"Recado sobre la cordillera", 1940
Extracto del libro "Recados completos" Por Gabriela Mistral
Mientras más violenta es la crisis, más pronto se agotan los operadores históricos: relámpagos, rayos y vientos hacen tal gasto en la hazaña, que su violencia baja bruscamente. Es una de las veleidades de la montaña andina, "criatura temperamental", la de crear la tormenta en instantes, cercar su masa como un puño ciego, y cortar de golpe, antes de haberla agotado, su fechoría tremenda, quedándose en tal sosiego que se creería que nos hemos soñado la baraúnda. Esta recomenzará después, si no se liquidó el stock del nubarrón; pero en la pausa resuellan por lo bajo, y como rehaciéndose, los toros de la lidia. La montaña hace un movimiento de sus miembros, se distiende, se estira, se recoge, y vuelve a su orden.

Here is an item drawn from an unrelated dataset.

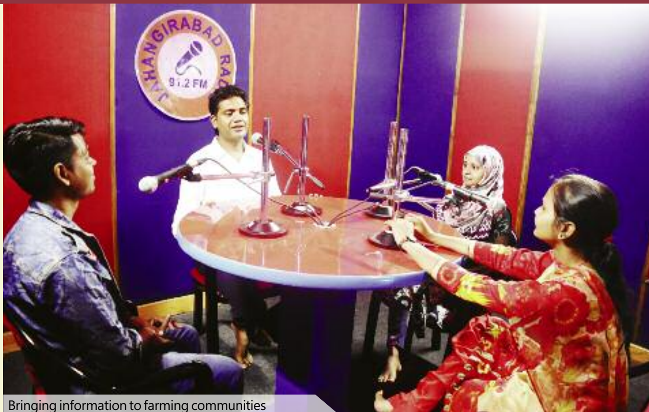
Bringing information to farming communities

Broadcast Hours Languages 6 hours Hindi, English and local dialects.

He visto un grupo de arrieros cordilleranos volver por el valle de Río Blanco al día siguiente de la tormenta, y nunca he querido más a nuestro pueblo que oyendo al grupito descalabrado contar el trance. Los tres o cuatro hombres traían la desarrapadura en que quedan los huertos de Elqui después del ventarrón; llegaban como vueltos del revés, con su cabeza y sus barbas mesadas y aporreadas del percance, y sus trazas deshechas daban la figura de la cabra del cuento que se peleó una noche con lo sobrenatural. Entre bufonadas y tragos de ponche, contaban la carrera desde el punto en que los cogió la tempestad hasta el puerto o reparo de piedra. Ellos se conocían a la Cordillera brava y este era uno de tantos lances con la cosa viva. Entre las chanzas de los batidos, yo me acordaba de la cruz maciza del Cristo de la Cumbre, que los vientos han torcido no poco, cruz de la concordia chileno-argentina, puesta a prueba de la cólera de los vientos y cosa fuerte y frágil a la vez, según la paz de los hombres.
Las contadas forman las solemnidades sacras del organismo magnético, que los geógrafos llaman Cordillera. Prefiero a ellas las fiestas menores que yo, mujer flaca, me tenía en Río Blanco cualquier día. El juego de las nieblas pequeñas lo cuento como lo mejor.
Poco después del deshielo, o al atardecer, tras una siesta calurosa de mucha evaporación, las faldas medias de la montaña se llenan de una guiñapería errante, o de una procesión de almas en pena, o de grandes hálitos que suben de las cuchillas y de las quebradas. Los que hablan de la montaña amojamada parece que nunca vieron este cortejo de las nieblas, bailar desaforadamente sobre las faldas. Alucina la fantasmagoría de esos vapores a medio hacerse y deformarse.
La claridad del día o la vaguedad del crepúsculo se llena de "larvas" como diría el amigo oculista; pasa "la Santa Compaña" del folklore español, lenta y pegajosa; el aire se vuelve una masa misteriosa de acuario, por la cual cruzan, grises, algodonosos, amarillentos, unos peces ciegos de formas estrambóticas que son las imaginaciones de la montaña. Vuelan, venidas de todas partes, tanteando mañosamente; pasan muy airosas, a veces, como criaturas lúcidas y a veces torpes como los sonámbulos; cruzan por nuestra cara en cosa viva, se quedan paradas, faltas de aire, o se alcanzan y se funden rápidamente. Un poco más, y ya la niebla se ha cerrado y la fiesta se acaba, porque el donaire estaba en su ronda de niñas y cuando ya se apelotonan, la masa malogra todo el juego.
Por la noche de enero, después del calor, el disfrute de los huéspedes de la montaña chilena, es un cielo nítido, de grandes constelaciones, que no se alcanza en ninguna parte. El cielo nocturno de Río Blanco maravilla y espanta; de él me acordaba yo leyendo los versos de Rilke en las Elegías de Duino: "Porque lo bello es tan solo el primer grado de lo terrible; apenas lo soportamos, y, si podemos admirarlo, es porque él se olvida con desdén de destruirnos".